* [Task statement]: Where the line with "届毕业生实习就业动员大会。学院分管教学副院长王安蓉、实验实训中心主任胡政权出席会议并讲话,全体 2026 届毕业生参加。" appears below, start writing out lines exactly, and finish with the line with "ESD – elektrosztatikai", which is included; write out nothing else.

* [The data]:
○ ○ ○ ○
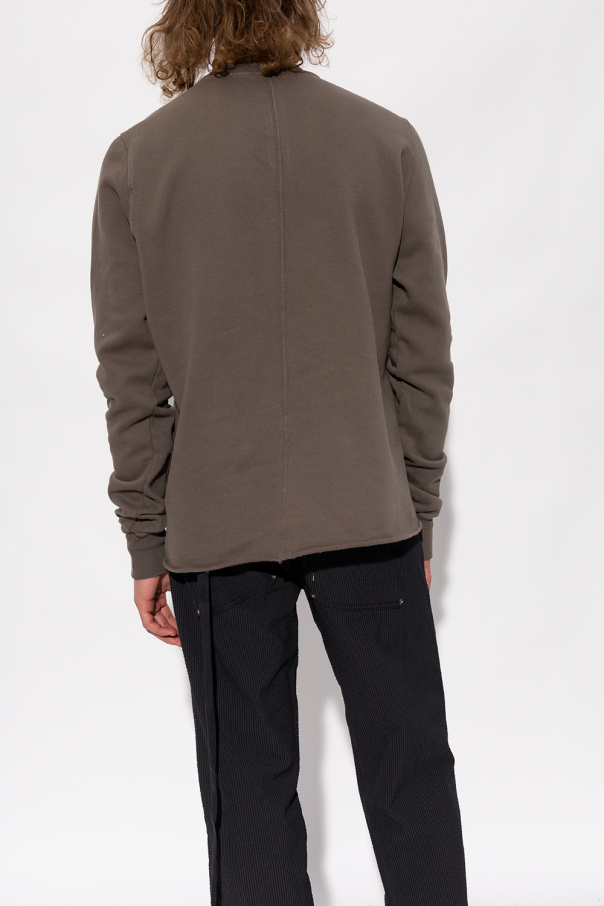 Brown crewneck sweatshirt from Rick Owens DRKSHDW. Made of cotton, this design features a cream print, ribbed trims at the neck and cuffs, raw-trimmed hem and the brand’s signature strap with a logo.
○ ○ ○ ○
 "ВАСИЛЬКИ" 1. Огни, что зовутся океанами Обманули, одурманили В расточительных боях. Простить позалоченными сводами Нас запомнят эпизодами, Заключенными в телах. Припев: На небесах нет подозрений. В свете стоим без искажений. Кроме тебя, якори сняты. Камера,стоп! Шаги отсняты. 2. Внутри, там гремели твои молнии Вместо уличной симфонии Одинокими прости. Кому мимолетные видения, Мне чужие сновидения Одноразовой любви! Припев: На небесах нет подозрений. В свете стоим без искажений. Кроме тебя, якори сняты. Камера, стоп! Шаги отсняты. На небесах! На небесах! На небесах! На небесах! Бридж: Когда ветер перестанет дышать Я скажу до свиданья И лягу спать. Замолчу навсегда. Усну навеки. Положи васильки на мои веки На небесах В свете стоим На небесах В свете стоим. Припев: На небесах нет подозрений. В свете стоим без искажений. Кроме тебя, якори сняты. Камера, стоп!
○ ○ ○ ○
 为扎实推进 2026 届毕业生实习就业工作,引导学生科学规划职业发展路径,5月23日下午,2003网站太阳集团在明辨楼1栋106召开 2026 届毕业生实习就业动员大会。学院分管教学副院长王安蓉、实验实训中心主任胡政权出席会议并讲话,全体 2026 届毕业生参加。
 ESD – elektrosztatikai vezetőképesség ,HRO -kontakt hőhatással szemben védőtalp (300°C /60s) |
○ ○ ○ ○
* [Reply to the task]:
 为扎实推进 2026 届毕业生实习就业工作,引导学生科学规划职业发展路径,5月23日下午,2003网站太阳集团在明辨楼1栋106召开 2026 届毕业生实习就业动员大会。学院分管教学副院长王安蓉、实验实训中心主任胡政权出席会议并讲话,全体 2026 届毕业生参加。
 ESD – elektrosztatikai vezetőképesség ,HRO -kontakt hőhatással szemben védőtalp (300°C /60s) |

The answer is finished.